===== Provided data =====

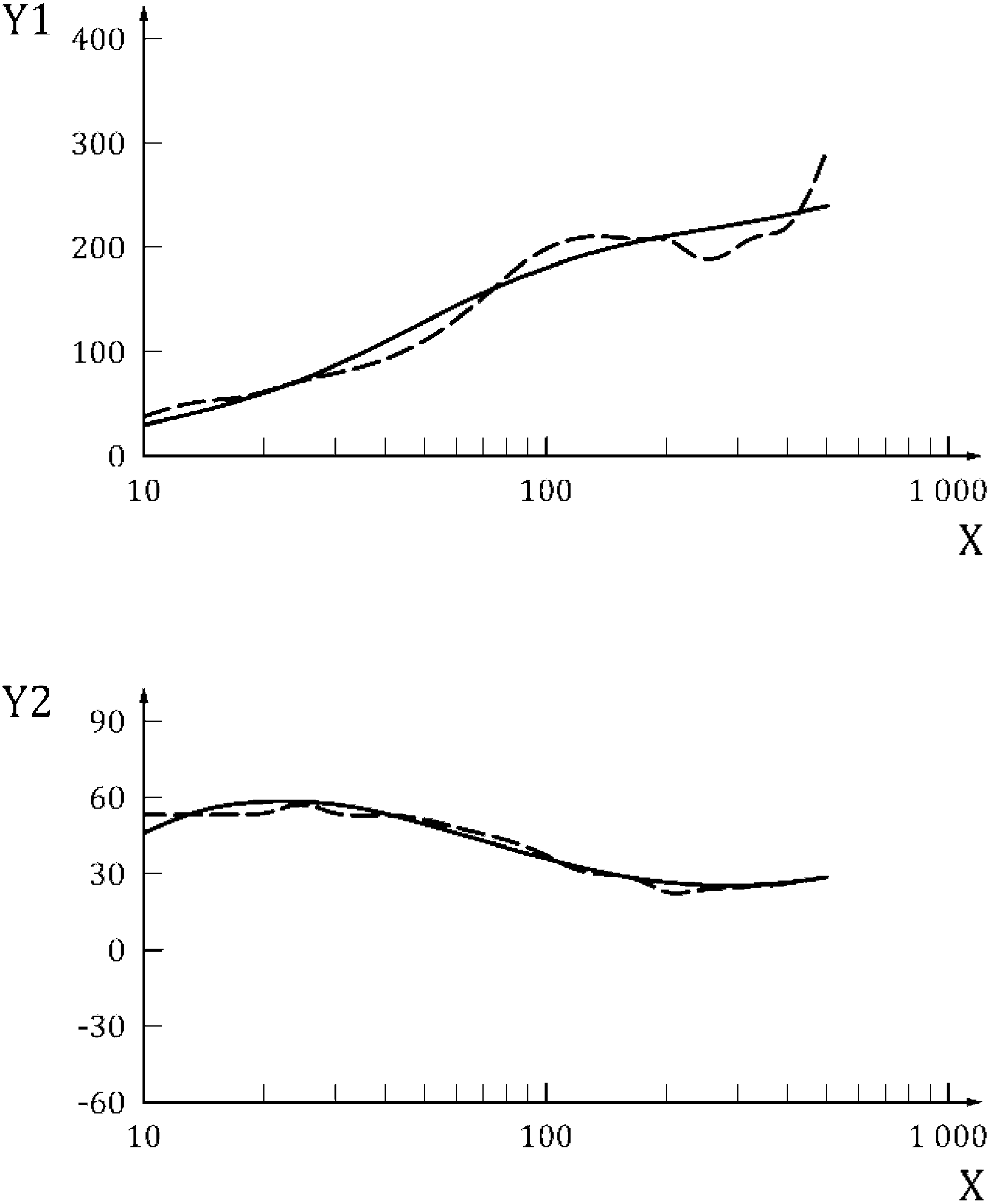 Опорные значения входного механического импеданса приведены как функции частоты при заданных значениях сил обхвата и подачи (см.
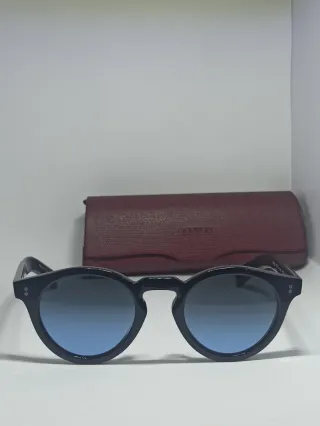 Occhiali da sole con montatura nera e lenti sfumate blu. - Montatura in acetato. - Lenti con protezione UV.
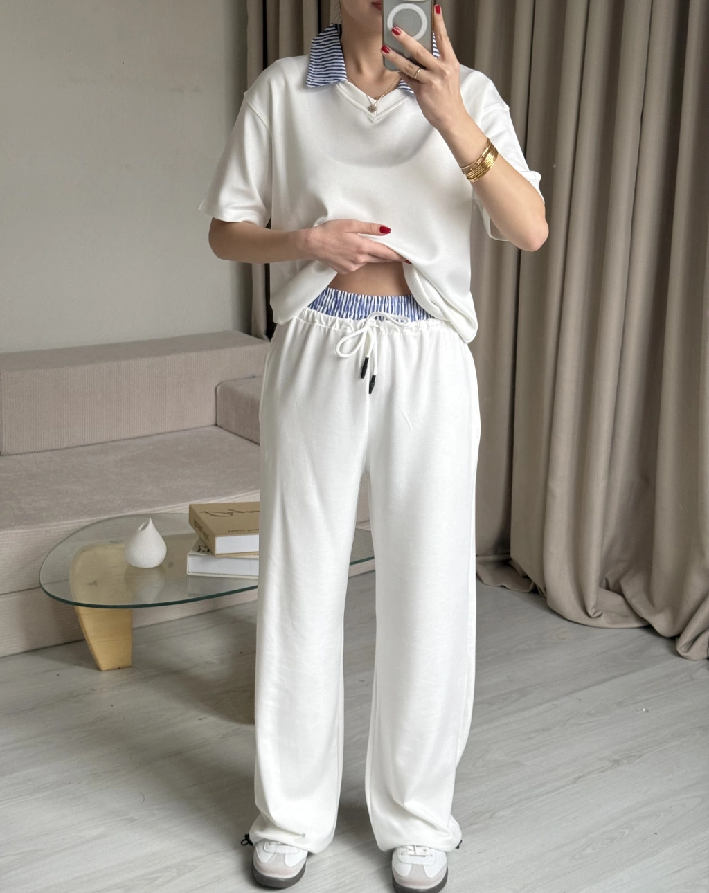 Beyaz Gömlek Yaka Eşofman Takım
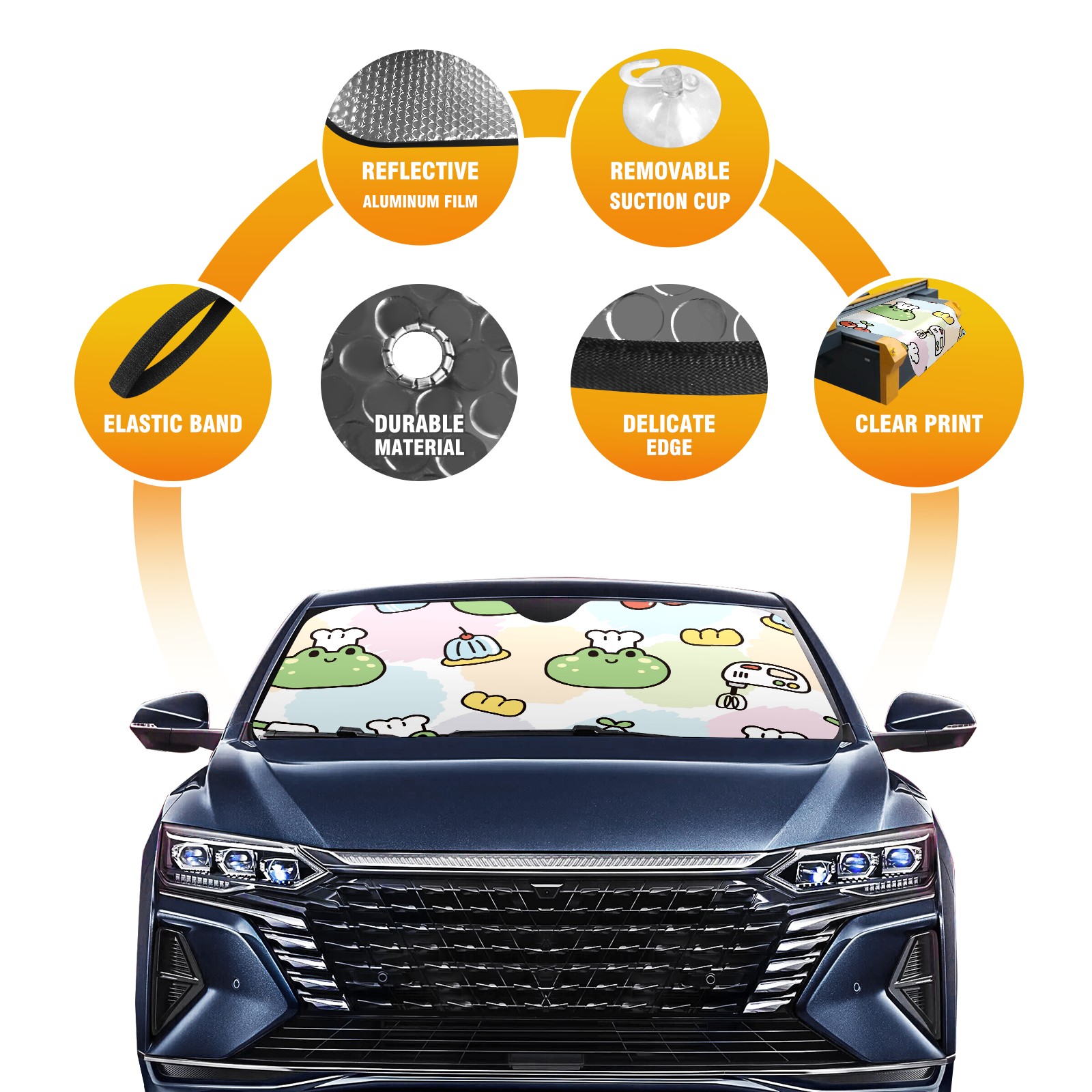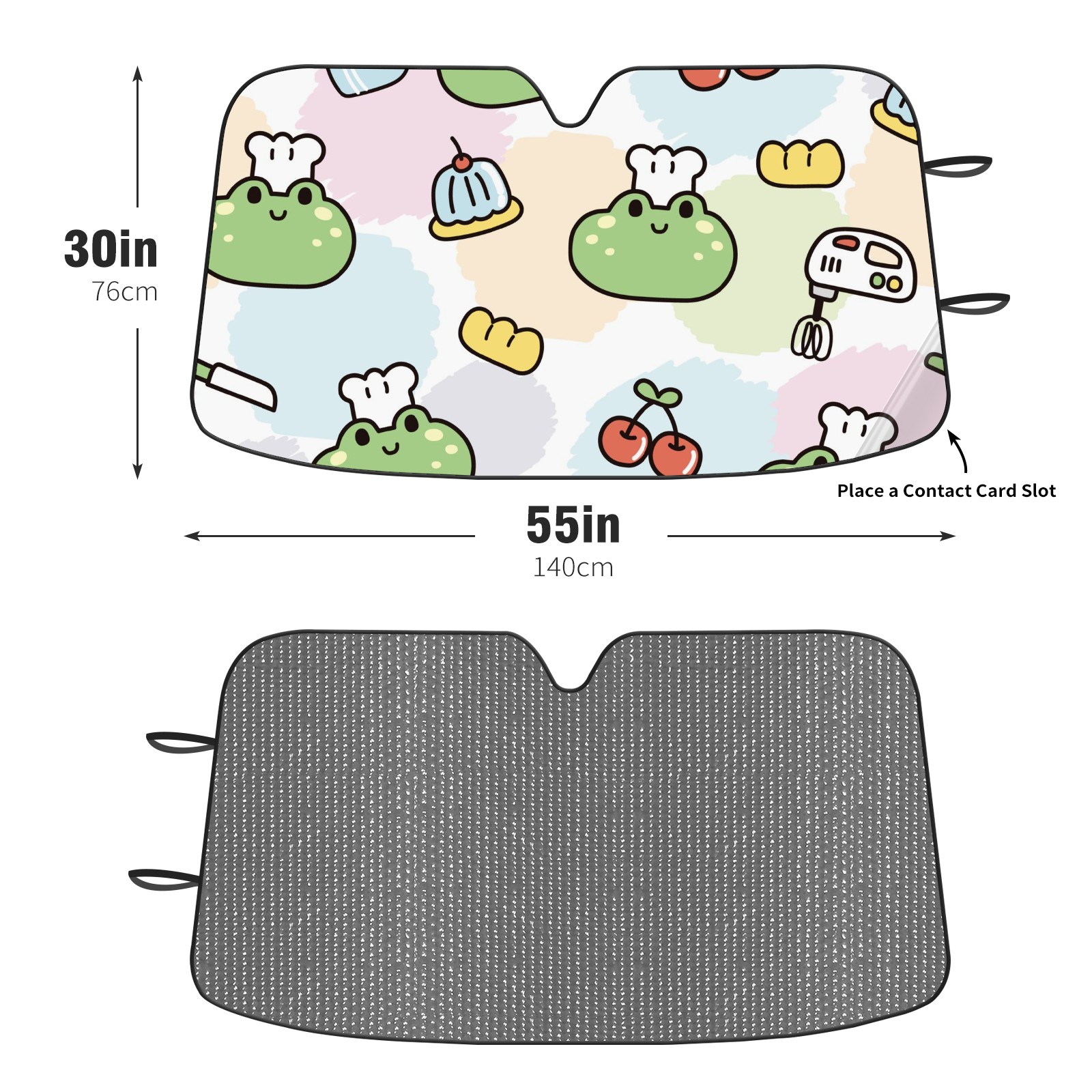 Car Windshield Sun Shade For Front Window Cute Face Frog Cake Cherry Foldable Vehicle Windshield Car Sun Visor Covers Automotive Window Protector Car Camping Privacy Sun Blocker
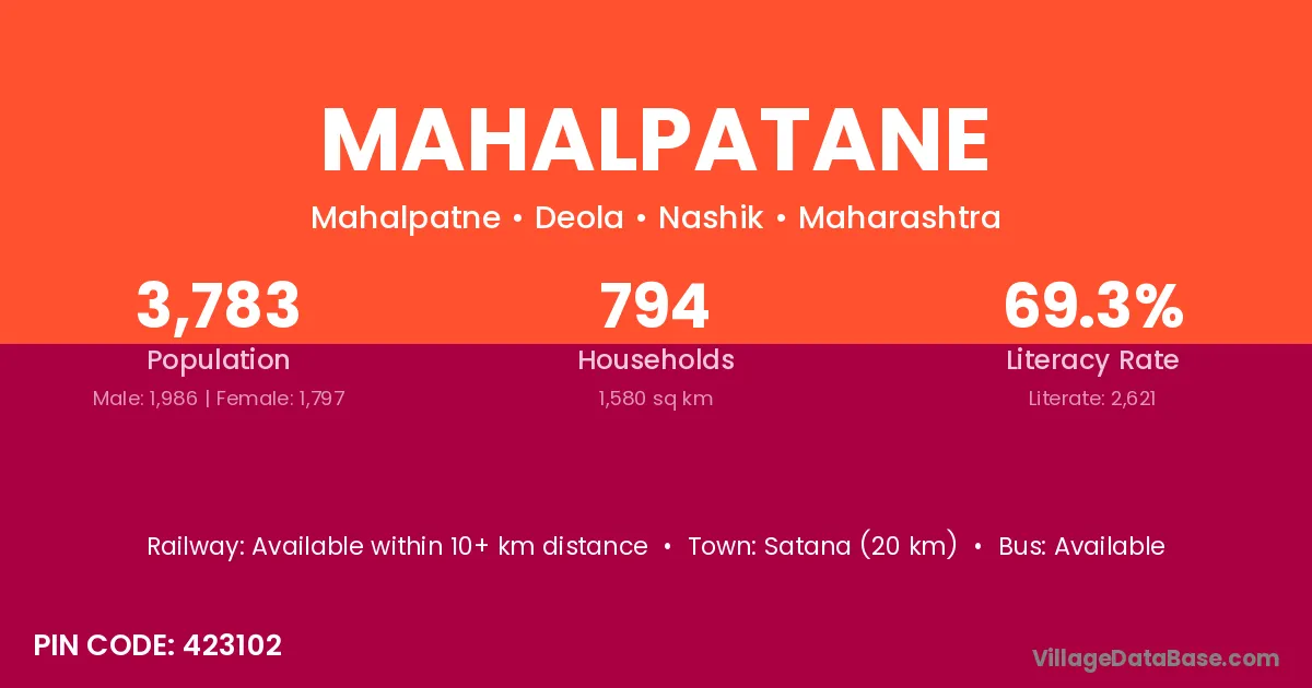 Satana (20 km) is the nearest town to Mahalpatane village for major economic activities and is located approximately 20 km away.

=====

§ **Task statement**
Please output, exactly as written, the lines above from the one holding "Occhiali da sole" through the one holding "Car Windshield Sun", both included, with the pictures omitted.

§ **Exercise response**
 Occhiali da sole con montatura nera e lenti sfumate blu. - Montatura in acetato. - Lenti con protezione UV.
 Beyaz Gömlek Yaka Eşofman Takım
 Car Windshield Sun Shade For Front Window Cute Face Frog Cake Cherry Foldable Vehicle Windshield Car Sun Visor Covers Automotive Window Protector Car Camping Privacy Sun Blocker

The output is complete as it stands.